Last night, you attempted to motor boat my vagina then proceeded to blow raspberries on it. Don't ever do that again.
the line runs infront of fredricks of hollywood. it's like gamestop is showing me how pathetic I am.
This is drunk me apologizing to sober me in advance.. I am sprry about you're trashed house. Mom an dad will be home by 5 so get up and clean. P.s. Mike is in the closet passed out.
after we had sex he went grocery shopping. at 6 am. i've never been more confused in my life
I'm just planning on experiencing Disney as adult style as it gets. Drinking bloody mary's at dawn and telling all the kids waiting in lines how badly their future sucks and that Santa isn't real.
Someone want to explain the bottle of ranch I found in my pants
I accidentally sent him a snapchat of my boobs and now we're going on a date tomorrow... Could be worse.
Decided to make myself tequila gummy bears but got impatient and just drank the bowl of tequila.
He was awful. Hubby's was apparently epic. I suck at swinging.

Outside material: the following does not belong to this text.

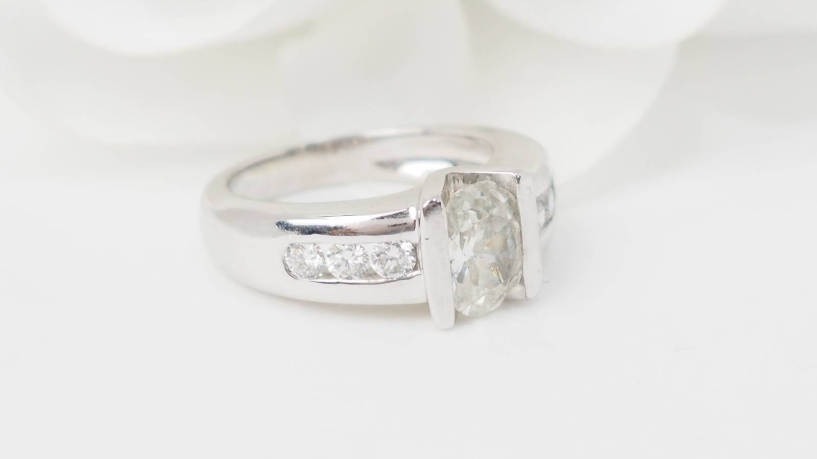 En vous rendant dans notre bijouterie, vous découvrirez, par exemple, ce très beau solitaire en or blanc et diamants.

My car has a permanent smell of sex to it now.
Well I've always wanted to get head while playing WoW...
K I'll do it, but mine is going to be WAY weirder. Your not allergic to shellfish, right?
You were so fucked you introduced me to a pile of Laundry
I wondered why I slept in the front room
I just read my D.A.R.E. essay from 5th grade. I'm having mixed feelings about my previous life choices right now.
Taking one of the loudest shits ever at work and I have to say...I'm having a better time than I thought I would
Oh! I forgot to tell you. Part of that weird ass dream last night. I was jamie lee curtis and I cut off all my hair because yogurt.